Overview

Heuritech is a French AI and computer vision company that has developed a fashion trend forecasting and product planning tool for brands and retailers in the fashion industry. The platform uses artificial intelligence and deep learning algorithms to analyze consumer behavior, track fashion trends in real-time, and predict product demand with high accuracy. This data-driven design tool supports sustainable fashion practices by reducing overproduction, minimizing inventory waste, and enabling more informed, demand-based planning.

Benefits
Benefits

Reduces overproduction and waste, improves forecasting accuracy, supports agile and sustainable design, enhances profitability.

Limitations
Limitations

Requires access to digital consumer data, less effective for niche or non-digital markets.

Challenges
Challenges

Data privacy concerns, initial setup and integration costs, and need for training in AI-based decision-making.

Technology / Solution Details

Scope-of-improvement Scope of improvement

Handling Surplus Products

Operation and Application Requirement

The technology operates via cloud-based AI models that process vast amounts of visual and behavioural data from e-commerce, social media, and retail channels. The system is easily integrated into a brand’s existing product development and supply chain management systems and can be scaled for both mid-sized and global fashion enterprises. It requires no major infrastructure overhaul, making it a cost-effective and efficient solution for fashion forecasting and planning.

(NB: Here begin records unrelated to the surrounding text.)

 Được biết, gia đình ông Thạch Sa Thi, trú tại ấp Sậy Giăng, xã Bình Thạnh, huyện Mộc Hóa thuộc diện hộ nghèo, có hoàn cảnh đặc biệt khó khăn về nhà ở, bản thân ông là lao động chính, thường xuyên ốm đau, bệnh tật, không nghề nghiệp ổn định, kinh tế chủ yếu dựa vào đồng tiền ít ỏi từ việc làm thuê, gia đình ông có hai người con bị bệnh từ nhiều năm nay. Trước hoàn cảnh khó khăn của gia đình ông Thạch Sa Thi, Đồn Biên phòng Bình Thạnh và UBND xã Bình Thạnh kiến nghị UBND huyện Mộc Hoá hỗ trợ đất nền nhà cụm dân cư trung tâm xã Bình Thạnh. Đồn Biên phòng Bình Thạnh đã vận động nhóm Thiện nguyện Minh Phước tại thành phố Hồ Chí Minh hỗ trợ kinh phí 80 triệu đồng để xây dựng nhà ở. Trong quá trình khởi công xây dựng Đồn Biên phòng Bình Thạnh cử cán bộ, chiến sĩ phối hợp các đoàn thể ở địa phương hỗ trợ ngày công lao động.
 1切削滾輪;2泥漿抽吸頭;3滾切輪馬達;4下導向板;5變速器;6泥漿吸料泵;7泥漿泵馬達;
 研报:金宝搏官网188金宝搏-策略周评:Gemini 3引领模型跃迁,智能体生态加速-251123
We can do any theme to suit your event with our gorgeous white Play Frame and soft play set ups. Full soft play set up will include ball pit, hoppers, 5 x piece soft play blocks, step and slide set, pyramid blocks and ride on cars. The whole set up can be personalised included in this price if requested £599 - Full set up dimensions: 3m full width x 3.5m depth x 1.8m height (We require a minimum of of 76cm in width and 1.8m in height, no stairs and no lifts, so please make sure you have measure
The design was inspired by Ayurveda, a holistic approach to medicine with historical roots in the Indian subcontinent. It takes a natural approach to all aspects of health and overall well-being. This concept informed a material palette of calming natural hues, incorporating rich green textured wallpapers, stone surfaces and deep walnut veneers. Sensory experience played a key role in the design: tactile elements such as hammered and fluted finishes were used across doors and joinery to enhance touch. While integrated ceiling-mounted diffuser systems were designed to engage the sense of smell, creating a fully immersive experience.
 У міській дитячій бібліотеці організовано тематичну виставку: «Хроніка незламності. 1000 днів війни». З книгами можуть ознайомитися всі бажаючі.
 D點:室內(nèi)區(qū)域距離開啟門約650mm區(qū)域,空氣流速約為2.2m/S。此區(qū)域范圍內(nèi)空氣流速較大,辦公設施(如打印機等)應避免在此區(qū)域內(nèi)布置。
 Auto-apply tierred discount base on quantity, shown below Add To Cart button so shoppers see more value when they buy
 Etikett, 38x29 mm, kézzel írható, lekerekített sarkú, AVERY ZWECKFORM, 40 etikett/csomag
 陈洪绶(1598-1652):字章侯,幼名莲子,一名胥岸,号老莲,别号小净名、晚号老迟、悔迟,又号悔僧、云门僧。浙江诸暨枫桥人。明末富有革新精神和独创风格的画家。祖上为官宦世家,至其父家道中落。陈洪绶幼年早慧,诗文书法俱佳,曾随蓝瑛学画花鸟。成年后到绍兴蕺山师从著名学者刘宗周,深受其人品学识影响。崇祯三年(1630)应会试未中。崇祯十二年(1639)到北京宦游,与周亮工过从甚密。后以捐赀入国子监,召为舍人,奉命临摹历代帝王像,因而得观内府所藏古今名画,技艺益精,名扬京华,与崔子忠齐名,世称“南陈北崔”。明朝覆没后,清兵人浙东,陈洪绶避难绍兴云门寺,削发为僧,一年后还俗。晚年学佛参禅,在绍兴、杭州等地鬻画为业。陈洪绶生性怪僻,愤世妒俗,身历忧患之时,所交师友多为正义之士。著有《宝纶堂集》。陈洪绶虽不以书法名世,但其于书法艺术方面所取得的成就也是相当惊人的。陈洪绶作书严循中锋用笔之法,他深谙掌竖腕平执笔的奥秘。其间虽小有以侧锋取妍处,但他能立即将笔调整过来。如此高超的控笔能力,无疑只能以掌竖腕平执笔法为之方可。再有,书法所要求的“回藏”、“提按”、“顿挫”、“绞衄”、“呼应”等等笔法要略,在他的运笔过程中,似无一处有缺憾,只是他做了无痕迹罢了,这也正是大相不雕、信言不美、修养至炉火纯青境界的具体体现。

Preventing Surplus and Waste Products

By providing accurate trend insights and demand forecasts, the technology helps align production with actual market needs, reducing unsold stock and fabric waste. It also supports faster design cycles and smaller production runs, which lower the environmental impact of fashion manufacturing. This tool is a key enabler of sustainable and agile fashion systems, promoting resource efficiency and waste reduction.

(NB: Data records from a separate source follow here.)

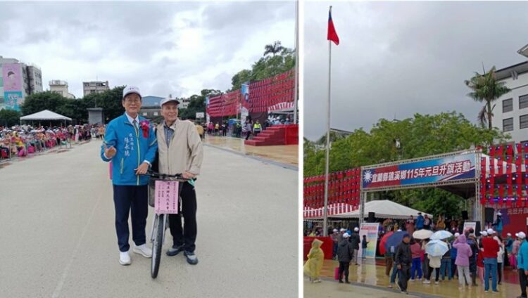 圖/鄉長與抽中單車民眾合影(左)、民眾踴躍參加元旦升旗活動(右)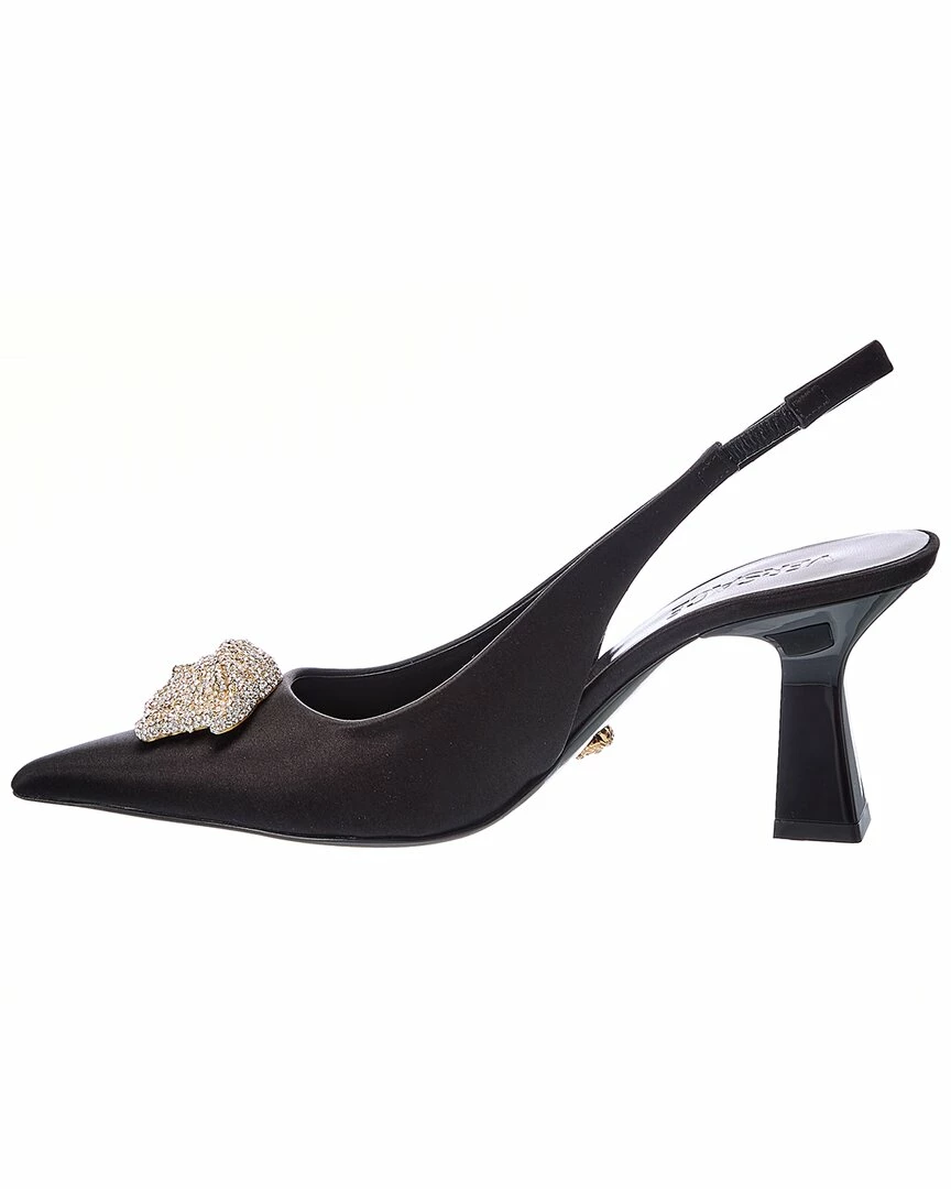 - La Medusa Satin Slingback Pump In Black Satin With Crystal-Embellished Medusa Head Logo Accent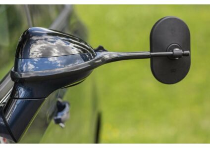 Der Spiegel für den Wohnwagenbetrieb Eine fahrzeugspezifisch entwickelte Halterung aus schwingungsdämpfendem Aluminiumguss ermöglicht einen perfekten, passgenauen Sitz, nahezu ohne Vibration. Alle Teile sindaus korrosionsbeständigen Materialien. Die Halterung besteht aus pulverbeschichtetem Aluminium formschön, sicher und zuverlässig sehr klares, vibrationsfreies Spiegelbild aerodynamischer Spiegelkopf mit großem Sichtfeld blitzschnelle Montage ohne Werkzeug durch Flügelschraube vom Fahrer- und…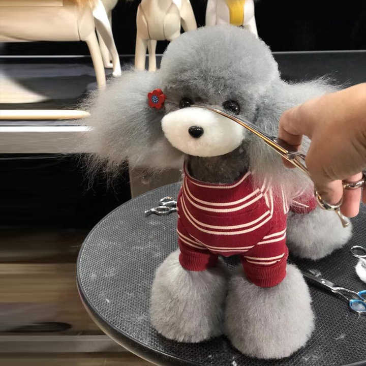 Modello di cane barboncino con pellicce grigive per la pratica di toelettatura, sponsor del groomer per il concorso creativo di cani modello
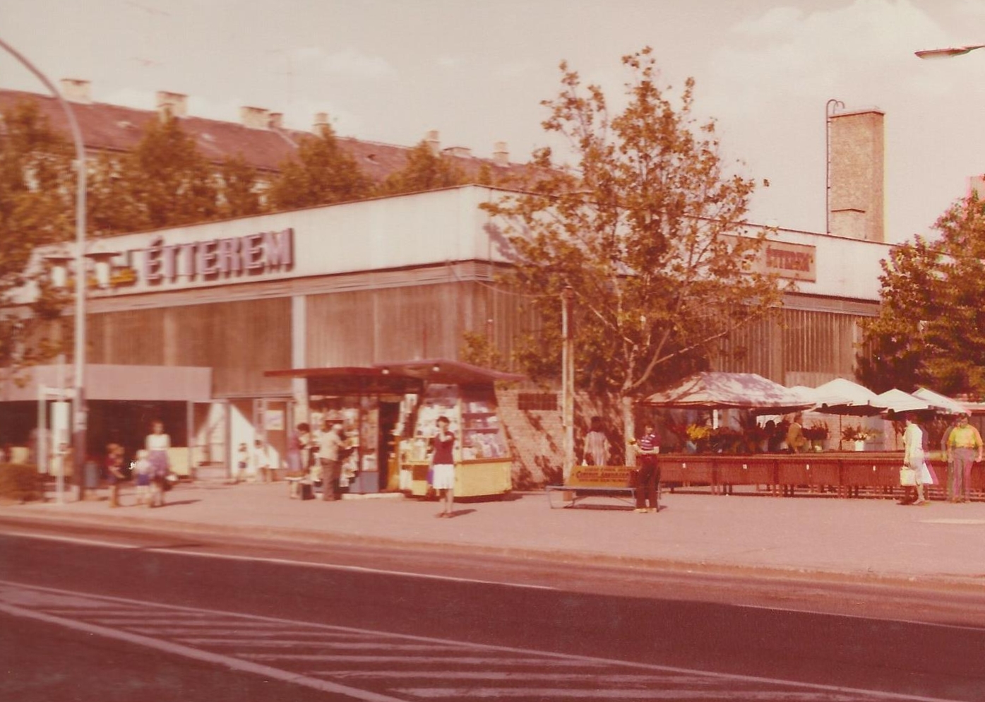 Az étterem az 1980-as évek elején. Homlokzaton olvasható neon feliraot a megyei Építő, Javító és Szolgáltató Vállalat szakemberei készítették. - A fotó Dombi Gábor gyűjteményéből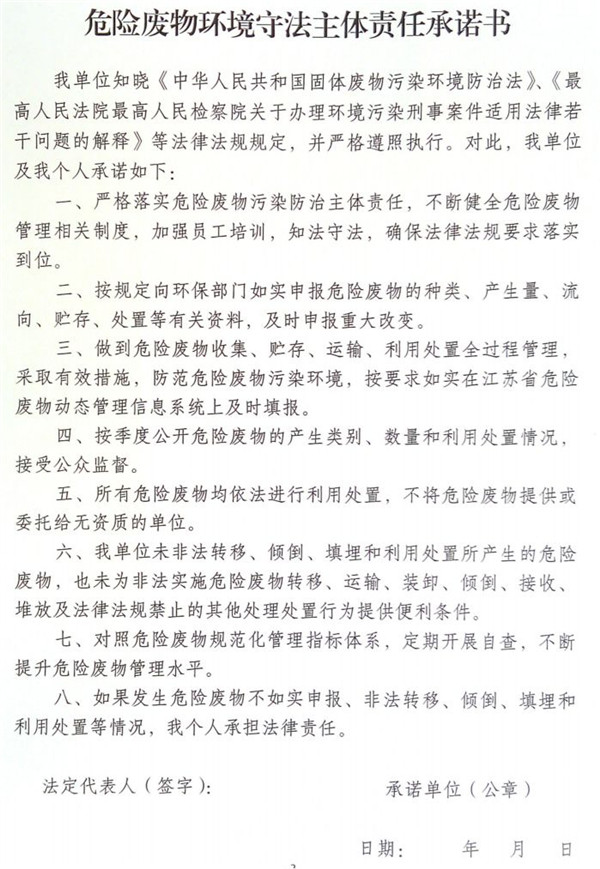 按照江蘇省環(huán)保廳的要求,每個(gè)危險(xiǎn)廢物產(chǎn)生單位和經(jīng)營單位都要簽署“危險(xiǎn)廢物環(huán)境守法主體責(zé)任承諾書”,一式二份,一份交屬地環(huán)保局,一份自留。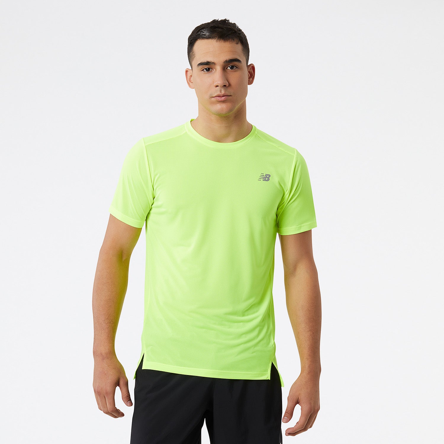 The New Balance Accelerate Pacer T-Shirt for men is a comfortable short-sleeved running shirt. The t-shirt features New Balance' Dry technology that effectively wicks away moisture. This allows you to run dry and comfortably. Reflective details make it possible to run visibly even in the dark.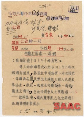 3.1949年1月10日,淮海前線關(guān)于淮海戰(zhàn)役結(jié)束的電報(bào)

Practical Applications and Case Sharing

The technology has been used by leading fashion brands and retailers to optimize their collections and reduce markdowns and overstock. In one case study, a mid-sized European apparel brand reduced its overproduction by 30% and increased sell-through rates by 25% by using the trend forecasting and product planning insights. The data-driven approach allowed the brand to produce only what was needed, significantly cutting down on textile waste and excess inventory.

Application Tips

The AI-powered forecasting tool is a powerful solution for sustainable design and production. Its ability to minimize waste by aligning supply with demand makes it an asset for fashion enterprises seeking to reduce their environmental impact while maintaining commercial viability.